(Given entries):

··········

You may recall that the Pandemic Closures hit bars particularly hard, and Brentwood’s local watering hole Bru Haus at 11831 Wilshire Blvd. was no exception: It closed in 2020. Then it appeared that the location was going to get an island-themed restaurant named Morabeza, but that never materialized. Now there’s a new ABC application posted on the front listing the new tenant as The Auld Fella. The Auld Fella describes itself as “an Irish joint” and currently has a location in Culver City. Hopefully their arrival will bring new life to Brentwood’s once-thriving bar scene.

··········

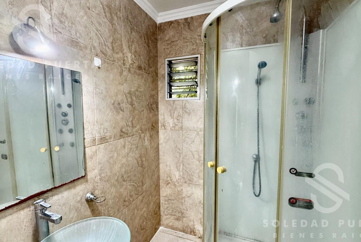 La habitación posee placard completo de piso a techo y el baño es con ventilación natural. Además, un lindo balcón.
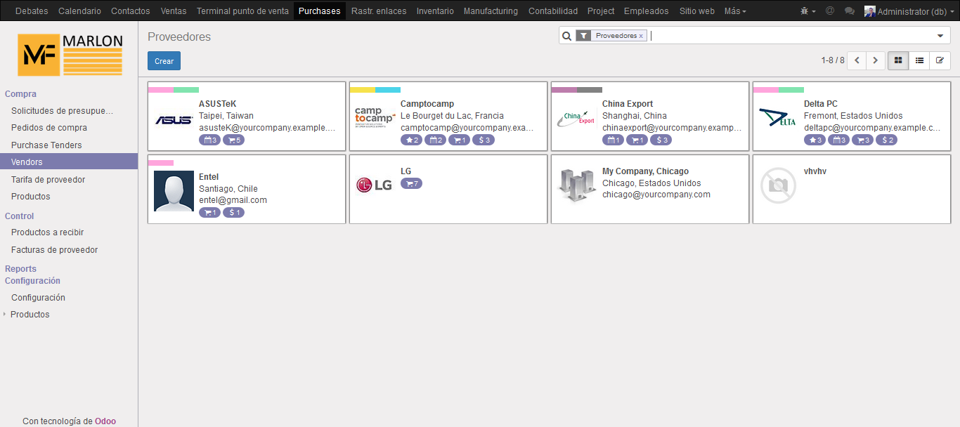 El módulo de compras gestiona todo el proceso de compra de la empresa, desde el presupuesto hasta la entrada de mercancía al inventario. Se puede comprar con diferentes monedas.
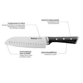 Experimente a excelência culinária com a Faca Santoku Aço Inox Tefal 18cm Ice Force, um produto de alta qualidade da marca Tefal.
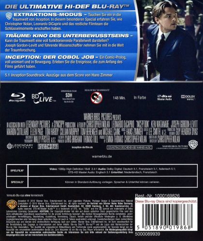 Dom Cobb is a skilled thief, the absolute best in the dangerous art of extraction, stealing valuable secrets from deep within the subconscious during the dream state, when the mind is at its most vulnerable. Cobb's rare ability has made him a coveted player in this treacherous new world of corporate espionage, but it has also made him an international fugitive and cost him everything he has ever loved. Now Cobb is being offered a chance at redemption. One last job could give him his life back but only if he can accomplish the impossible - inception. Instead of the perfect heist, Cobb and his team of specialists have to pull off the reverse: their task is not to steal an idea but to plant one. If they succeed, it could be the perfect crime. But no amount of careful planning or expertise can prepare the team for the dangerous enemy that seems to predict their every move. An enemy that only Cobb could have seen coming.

··········

(Exercise brief):
Copy word for word only the lines above from the one with "El módulo de" through the one with "Experimente a excelência". Leave pictures out.

(Expected output):
 El módulo de compras gestiona todo el proceso de compra de la empresa, desde el presupuesto hasta la entrada de mercancía al inventario. Se puede comprar con diferentes monedas.
 Experimente a excelência culinária com a Faca Santoku Aço Inox Tefal 18cm Ice Force, um produto de alta qualidade da marca Tefal.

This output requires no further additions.